From an evolutionary perspective, highly specific parasites, such as the Monogenea, would be expected to evolve stable relationships mostly with host species that are easily encountered and infected, as indicated by the ubiquity of nestedness in antagonistic networks7. In a nested host–parasite network (such as that used in this study), generalist parasites are present on most host species, whereas specific parasites are mainly present on host species with high parasite species richness (see Fig. 3d). Some features of a host that increase the number of parasite species occurring on it may also be directly or indirectly related to host vulnerability. For example, hosts having a wide distribution and a high local abundance (that are features significantly intercorrelated in both freshwater and marine fish8) are likely to bear many parasite species9,10 and, at the same time, to be less endangered than rare species11. Thus, some species-level host traits that increase nestedness of host–parasite networks could also reduce the coextinction risk of highly specific parasites by favoring their distribution towards less vulnerable hosts (see Fig. 3).
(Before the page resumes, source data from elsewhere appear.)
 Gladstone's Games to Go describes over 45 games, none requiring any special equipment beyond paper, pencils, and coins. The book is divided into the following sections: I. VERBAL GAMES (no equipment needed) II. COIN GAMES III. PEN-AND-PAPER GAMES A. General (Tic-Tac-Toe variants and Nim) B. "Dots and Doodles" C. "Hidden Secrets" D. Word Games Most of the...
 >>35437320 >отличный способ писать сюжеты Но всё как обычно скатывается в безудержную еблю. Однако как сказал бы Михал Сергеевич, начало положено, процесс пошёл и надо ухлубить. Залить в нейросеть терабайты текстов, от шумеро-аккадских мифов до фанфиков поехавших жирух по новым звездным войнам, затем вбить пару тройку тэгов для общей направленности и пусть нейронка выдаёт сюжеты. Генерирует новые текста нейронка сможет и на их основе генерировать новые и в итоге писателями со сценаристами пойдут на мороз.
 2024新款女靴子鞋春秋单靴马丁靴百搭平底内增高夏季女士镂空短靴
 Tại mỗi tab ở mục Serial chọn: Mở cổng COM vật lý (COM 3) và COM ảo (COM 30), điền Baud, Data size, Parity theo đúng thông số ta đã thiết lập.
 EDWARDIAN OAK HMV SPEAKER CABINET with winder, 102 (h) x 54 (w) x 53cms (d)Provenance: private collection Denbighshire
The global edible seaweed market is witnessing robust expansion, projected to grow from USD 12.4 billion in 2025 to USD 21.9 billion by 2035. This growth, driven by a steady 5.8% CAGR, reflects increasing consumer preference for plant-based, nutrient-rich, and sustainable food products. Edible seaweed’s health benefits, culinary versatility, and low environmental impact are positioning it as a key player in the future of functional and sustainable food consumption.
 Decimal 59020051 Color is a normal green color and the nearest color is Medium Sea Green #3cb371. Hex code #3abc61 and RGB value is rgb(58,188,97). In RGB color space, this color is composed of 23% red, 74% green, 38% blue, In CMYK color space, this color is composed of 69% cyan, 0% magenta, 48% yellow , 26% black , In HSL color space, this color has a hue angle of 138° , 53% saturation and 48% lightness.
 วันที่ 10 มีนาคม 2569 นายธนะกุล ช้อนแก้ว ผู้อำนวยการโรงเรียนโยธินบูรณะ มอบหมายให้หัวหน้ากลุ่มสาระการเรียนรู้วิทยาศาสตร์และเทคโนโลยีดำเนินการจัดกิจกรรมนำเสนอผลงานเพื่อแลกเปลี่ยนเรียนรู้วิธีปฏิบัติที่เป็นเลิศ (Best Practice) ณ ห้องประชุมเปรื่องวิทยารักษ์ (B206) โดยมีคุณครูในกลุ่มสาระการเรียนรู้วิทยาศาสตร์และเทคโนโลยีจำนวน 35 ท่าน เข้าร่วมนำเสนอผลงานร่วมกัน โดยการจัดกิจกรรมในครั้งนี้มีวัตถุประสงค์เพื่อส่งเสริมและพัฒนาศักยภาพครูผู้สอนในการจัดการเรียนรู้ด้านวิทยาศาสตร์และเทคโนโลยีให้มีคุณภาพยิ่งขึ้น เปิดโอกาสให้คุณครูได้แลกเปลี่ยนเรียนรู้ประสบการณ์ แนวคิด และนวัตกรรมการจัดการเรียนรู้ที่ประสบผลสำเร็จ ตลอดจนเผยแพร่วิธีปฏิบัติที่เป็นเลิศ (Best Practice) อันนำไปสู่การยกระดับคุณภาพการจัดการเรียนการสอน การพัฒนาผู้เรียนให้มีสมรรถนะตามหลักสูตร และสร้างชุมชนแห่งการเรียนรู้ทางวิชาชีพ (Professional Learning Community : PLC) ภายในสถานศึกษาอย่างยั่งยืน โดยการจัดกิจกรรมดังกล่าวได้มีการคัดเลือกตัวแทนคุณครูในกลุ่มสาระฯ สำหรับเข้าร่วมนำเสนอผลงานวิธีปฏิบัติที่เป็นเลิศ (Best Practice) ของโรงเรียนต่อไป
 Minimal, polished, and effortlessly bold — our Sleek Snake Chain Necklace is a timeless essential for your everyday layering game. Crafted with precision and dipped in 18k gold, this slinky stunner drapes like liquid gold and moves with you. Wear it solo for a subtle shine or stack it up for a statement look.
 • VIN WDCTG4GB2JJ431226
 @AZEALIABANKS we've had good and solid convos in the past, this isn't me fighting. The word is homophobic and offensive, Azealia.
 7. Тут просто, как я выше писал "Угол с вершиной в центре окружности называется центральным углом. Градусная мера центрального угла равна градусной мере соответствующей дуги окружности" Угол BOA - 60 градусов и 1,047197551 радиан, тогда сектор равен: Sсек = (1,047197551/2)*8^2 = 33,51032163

For parasites of fish, we found that average host vulnerability tends to be higher in those fish species that are used by more generalist parasite species (Fig. 1d), whereas highly specialized parasite species tend to infect fish species with low vulnerability. This relationship between parasite specialization and host vulnerability, which is consistent with the important role in biodiversity conservation attributed to nestedness of facilitative networks12,13,14, suggests a general solution to the paradox of missing host–parasite coextinctions.
Methods
Host vulnerability and parasite extinction risk
We obtained host–parasite records (n=38,567) and vulnerability values of host species (n=4,682), respectively, from FishPEST15,16 ( http://purl.oclc.org/fishpest) and FishBase17 ( www.fishbase.org). FishBase computes vulnerability values using a fuzzy expert system integrating biological and ecological characteristics of fish species18. These values of host vulnerability range from 0 (minimum vulnerability) to 100 (maximum vulnerability). We used these values (divided by 100) as measures of the probabilities of host species to go extinct. The extinction risk of a parasite species depends on how many host species it uses and on the vulnerability of these host species, with parasites occurring on more hosts expected to be less prone to extinction. Thus, for each parasite, we calculated the extinction risk as the product of the extinction probabilities of its known host species (for example, if host A has 0.1 probability of going extinct, and host B has 0.1 probability of going extinct, then a parasite associated with hosts A and B has a probability 0.1 × 0.1=0.01 of going extinct). Also, for each parasite, we calculated the average vulnerability of their hosts, as the arithmetic mean of the vulnerability values (divided by 100) of their known hosts, and its host range (that is, the number of known hosts).
Statistical analyses
We used a multivariate analysis of variance to test if parasite groups differed for parasite extinction risk, number of known hosts and vulnerability of their hosts. We applied an analysis of covariance to test for differences in extinction risk among parasite groups using host vulnerability and host range as covariates. Then we used Bonferroni procedures to adjust significance levels in post-hoc comparisons.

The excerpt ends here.